*Task objective:*
From the first line to the last, copy the listing exactly and omit the pictures.

*Data segment:*
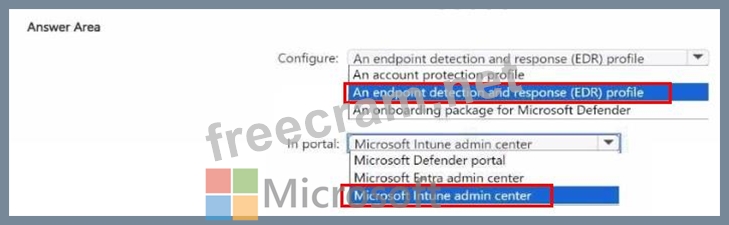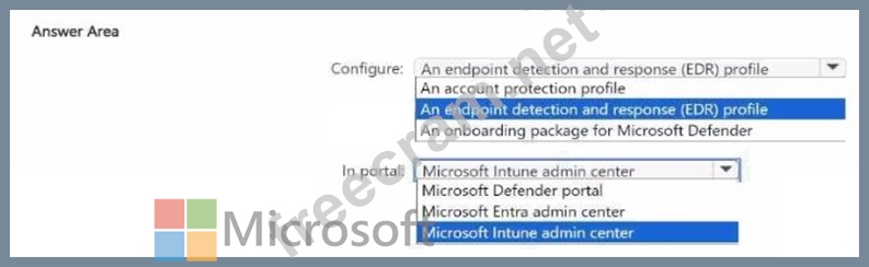 You need to ensure that when a device is enrolled in Intune, the device is onboarded automatically to Defender for Endpoint What should you configure, and which portal should you use? To answer, select the appropriate options in the answer area NOTE: Each correct selection is worth one point.
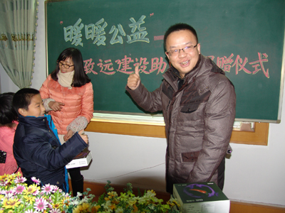 公司运营中心总监卢一奇代表公司对张根梅校长的工作表示敬意,并表示助学是我公司长期支持的一项公益活动,这也是一个有社会责任感的公司应尽的义务,并对张根梅校长在助学工作中积极配合表示感谢。
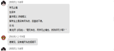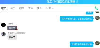 接着在进行了有趣的猜灯谜活动后,六月九日晚上八点半化工194团支部举办了“成语接龙”活动。该活动由胡国容同学组织,在本次活动中刘德育同学为大家分享的来自诗经的高山仰止,有周云梅同学分享的来自刘开的学无止境等。
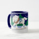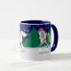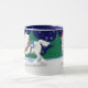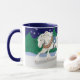 caballos de proyecto grises ilustrados. En un lado un clydesdale con un gorra y una barba de santa lleva bolsos de regalos. En el otro los galopes majestuosos de un proyecto con las campanas de navidad en su cuello y una paloma del blanco diseñan en su silla de montar. Escena del invierno con los árboles de navidad y el cielo nocturno estrellado detrás. Una taza preciosa del día de fiesta para los amantes del caballo.

*Problem solution:*
 You need to ensure that when a device is enrolled in Intune, the device is onboarded automatically to Defender for Endpoint What should you configure, and which portal should you use? To answer, select the appropriate options in the answer area NOTE: Each correct selection is worth one point.
 公司运营中心总监卢一奇代表公司对张根梅校长的工作表示敬意,并表示助学是我公司长期支持的一项公益活动,这也是一个有社会责任感的公司应尽的义务,并对张根梅校长在助学工作中积极配合表示感谢。
 接着在进行了有趣的猜灯谜活动后,六月九日晚上八点半化工194团支部举办了“成语接龙”活动。该活动由胡国容同学组织,在本次活动中刘德育同学为大家分享的来自诗经的高山仰止,有周云梅同学分享的来自刘开的学无止境等。
 caballos de proyecto grises ilustrados. En un lado un clydesdale con un gorra y una barba de santa lleva bolsos de regalos. En el otro los galopes majestuosos de un proyecto con las campanas de navidad en su cuello y una paloma del blanco diseñan en su silla de montar. Escena del invierno con los árboles de navidad y el cielo nocturno estrellado detrás. Una taza preciosa del día de fiesta para los amantes del caballo.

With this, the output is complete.